While Vikas is sulking over Mumbai's potholes, hike in fuel prices, lack of jobs, lack of healthcare and education facilities and rise in farmer suicides to name a few pet peeves, Dharm knows why he is everyone's darling.

Talk about farmer suicides, infant mortality rate, potholes, hunger, poverty, homelessness...every television news channel goes blank and political spokesperson "mute". It is actually yawn-inducing to talk about Vikas, but mention Dharm, politicians jump like kids to get their share of candies first.

So when senior Congress leader Shashi Tharoor warned people from bringing back the BJP to power once again in the 2019 Lok Sabha elections to avoid turning India into "Hindu Pakistan" (a fear many politicians and scholars have previously expressed openly), the BJP raised hell.

After all, how could a Congress leader talk about "Hindu" and "Pakistan" --the two controversial words over which the BJP has copyright-- in the same breath?

Isn't it the BJP who rules over all Hindus and protects all Hindus from Pakistan and Muslims every day? In Sangh Parivar's court of justice, Tharoor has clearly committed blasphemy trying to instill fear of Pakistan and Muslims among the pious and cow-loving Hindus.

Probably in a fit of rage, the Congress Lok Sabha member of Parliament (MP) had his own "exasperating farrago of distortions, misrepresentations and outright lies" moment, where again facts and truth were the biggest casualties.

The more the Congress tries to warn voters about religious bigotry and divisive politics of the BJP, the more the grand old party will help the saffron party to push its "Hindu rath" (the Hindu chariot) further.

After Tharoor's controversial "Hindu Pakistan" remark in his constituency, Thiruvananthapuram, Kerala, on Wednesday, the BJP alleged that the Congress is trying to "communalise the political discourse" of the country and the party president Rahul Gandhi should apologise.

A confused Congress, which of late has been trying hard to get itself rid of the "Muslim appeasement" tag, decided to take a safe route. The Congress neither defended Tharoor nor condemned him. The man at the centre of the controversy remained adamant and refused to apologise.

The likes of BJP's Subramanian Swamy and Sambit Patra lambasted Tharoor and the Congress. While Swamy asked PM Modi to find out if Tharoor "needs medical help", Patra in his inimitable style pounced on the Gandhi family and demanded an apology from Rahul.

The whole debate over "Hindu Pakistan" comment was not limited to the Congress and the BJP. The Aam Aadmi Party (AAP) and the Communist Party of India (Marxist) (CPI-M) too joined the war of words.

"In my farewell speech (in the Rajya Sabha last year) that was the appeal I made to Mr Modi, saying please, do not convert India into Hindu Pakistan.
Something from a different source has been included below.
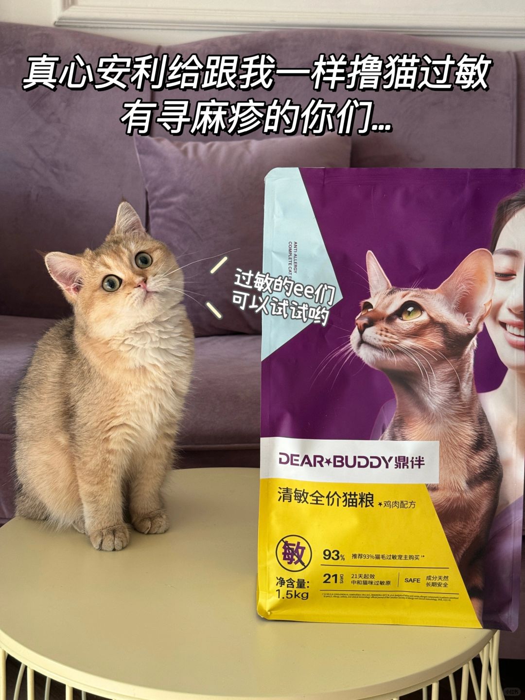最开始我也有轻微的过敏症状出现,仔细研究后发现了🙋鼎伴清敏猫粮,养猫撸猫两不误!

This is on record," said CPI-M general secretary Sitaram Yechury to lend support to Tharoor.

Similarly, Ashutosh of the AAP wrote a lengthy opinion piece--Tharoor is right in his comments on Hindu Pakistan--to stand in solidarity with the Congress MP.
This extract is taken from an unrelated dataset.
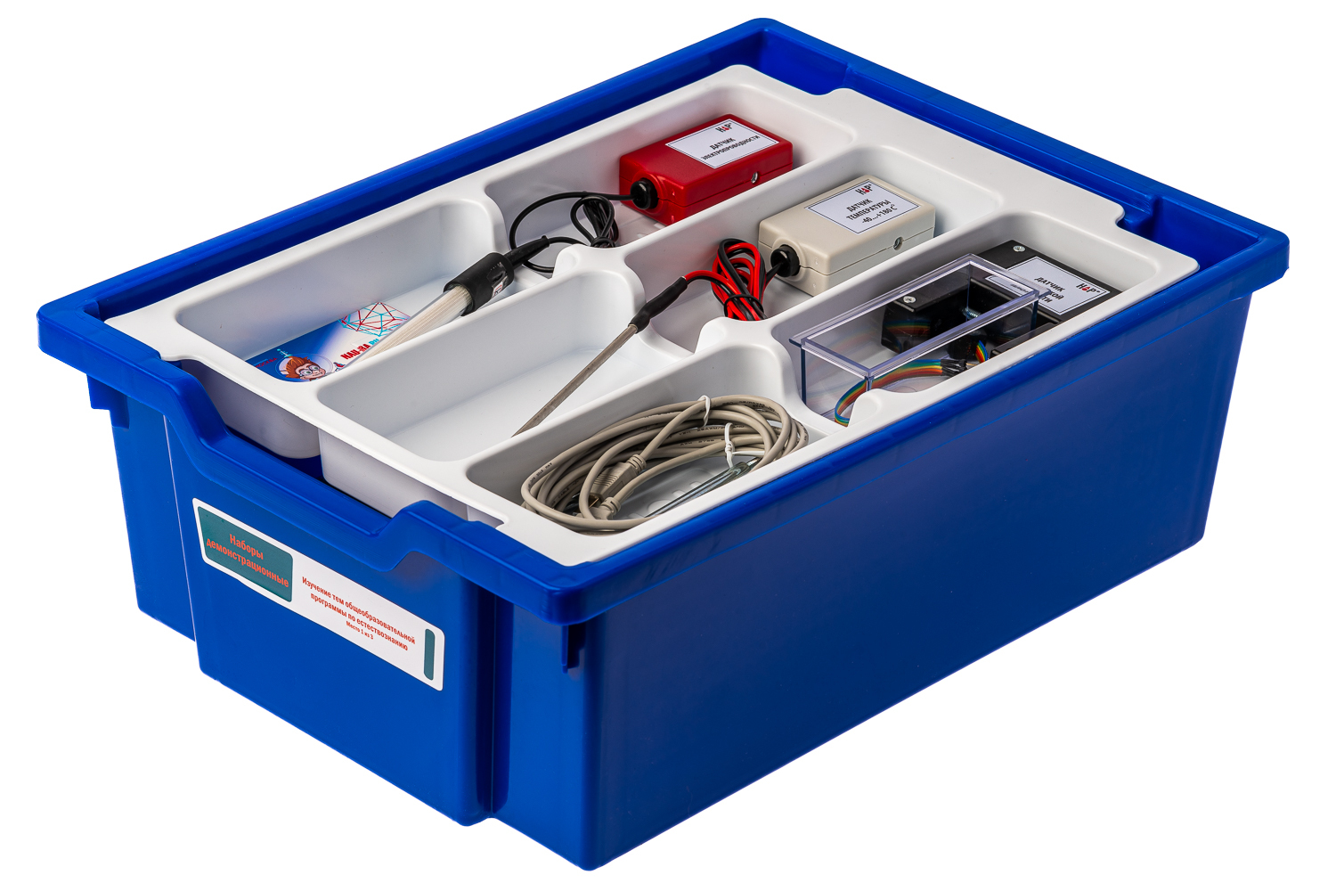 Цифровая лаборатория (за исключением микроскопа, набора препаратов, набора лабораторной оснастки и цифровой видеокамеры) укомплектована в пластиковую систему хранения, которая закрывается прозрачной пластиковой крышкой на защелках для обеспечения наблюдения за содержимым. Комплект оборудования и датчики в системе хранения располагаются на ложементе.

Noted Bangladeshi author Taslima Nasreen, who has been living in exile in India, gave a new spin to Tharoor's comment. Nasreen, known for raising her voice against the orthodox and misogynistic practices prevalent in Islam, stated that India is a "Hindu India".
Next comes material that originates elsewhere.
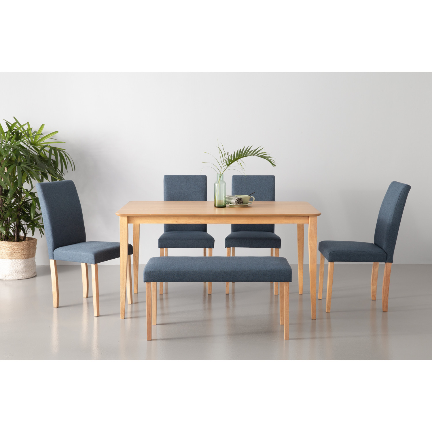 Lenore bench in Natural colour leg, Yale colour Challis fabric. The Lenore Bench Chair combines Mid-Century Modern aesthetics with Minimalist functionality, creating a versatile seating solution. Crafted with Malaysian oak legs in a Natural finish, the bench offers durability and organic warmth. Upholstered in Challis fabric in Yale, the seat delivers comfort with a soft yet resilient surface. Compact in size yet sturdy in build, it is ideal for dining areas, entryways, or hospitality spaces. The Lenore Bench Chair is a practical and stylish choice for interiors that value clean design and reliable comfort.

"India is not 'Hindu Pakistan'. India is 'Hindu India'. 'Hindu India' is better than 'Muslim India'. The best is 'secular India'. Here secular does not mean religious, it is rather non-religious," tweeted Nasreen.

How many times have you seen politicians, scholars and authors jumping into the same debate with great enthusiasm if it raises issues like rape, starvation death, climate change and female infanticide? The answer is none.

Talk about mandir (temple), Hindu, Muslim, Pakistan and Kashmir, a long queue can be seen outside television studios where leaders cutting across party lines patiently wait for their turn to speak.

That is why Dharm is so playful and fun, and Vikas is so boring. Any takers for Vikas in the 2019 Lok Sabha polls?